*INFORMATION PROVIDED*:
▬▬▬

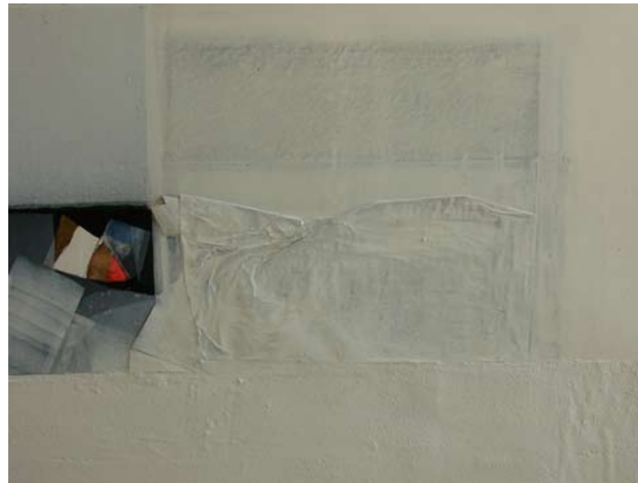
Oli sobre tela, 2011 60x80 cm

Hi ha obra seua en el Museu d'Art Contemporani de Salamanca, en l'Ateneu Barceloní, en la Fundació la Caixa, en el Consell d'Eivissa, en l'Ajuntament de Santa Eulàlia, en l'Ajuntament d'Eivissa, en la Fundació Fracado de Milà, En la col·lecció d'art de la CAM (Caixa de la Mediterrània), en la Fundació sa Nostra, i en col·leccions privades de diferents llocs del món.
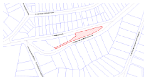
Anexo_0833596_Croqui_Sistema_ de_Lazer__Agua_das_Flores.png 205K
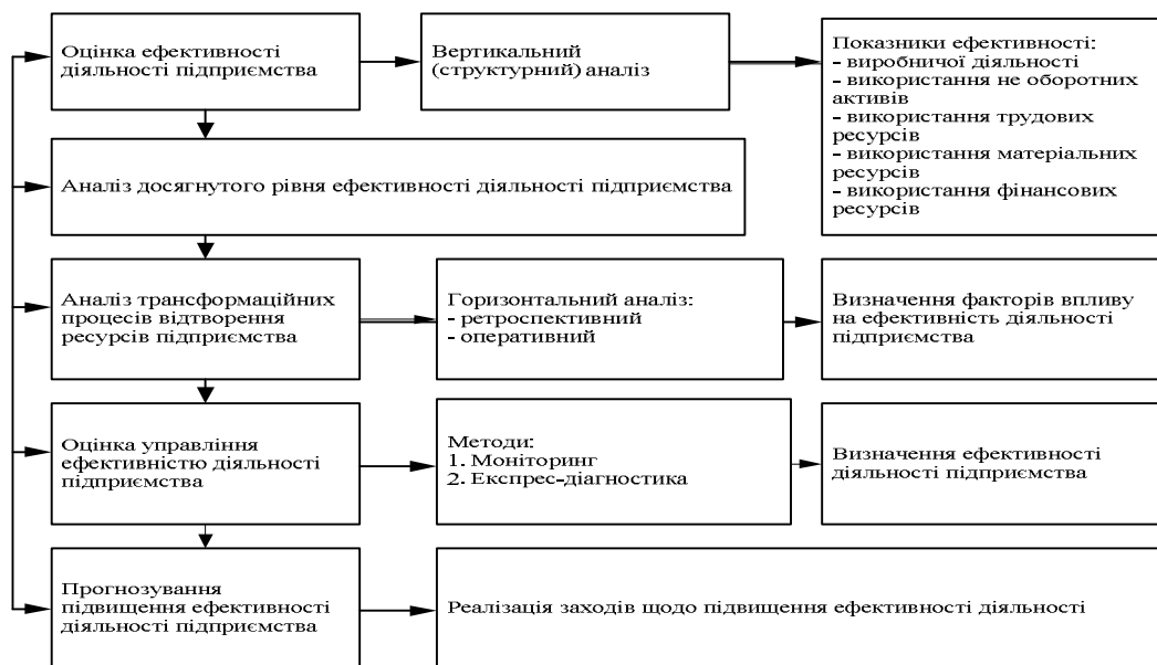
Рис. 3. Алгоритм забезпечення ефективності діяльності підприємства

▬▬▬

*YOUR INSTRUCTIONS*: Please reproduce each line of the listing above exactly, skipping pictures.

*ANSWER FOR THIS EXERCISE*:
Oli sobre tela, 2011 60x80 cm

Hi ha obra seua en el Museu d'Art Contemporani de Salamanca, en l'Ateneu Barceloní, en la Fundació la Caixa, en el Consell d'Eivissa, en l'Ajuntament de Santa Eulàlia, en l'Ajuntament d'Eivissa, en la Fundació Fracado de Milà, En la col·lecció d'art de la CAM (Caixa de la Mediterrània), en la Fundació sa Nostra, i en col·leccions privades de diferents llocs del món.
Anexo_0833596_Croqui_Sistema_ de_Lazer__Agua_das_Flores.png 205K
Рис. 3. Алгоритм забезпечення ефективності діяльності підприємства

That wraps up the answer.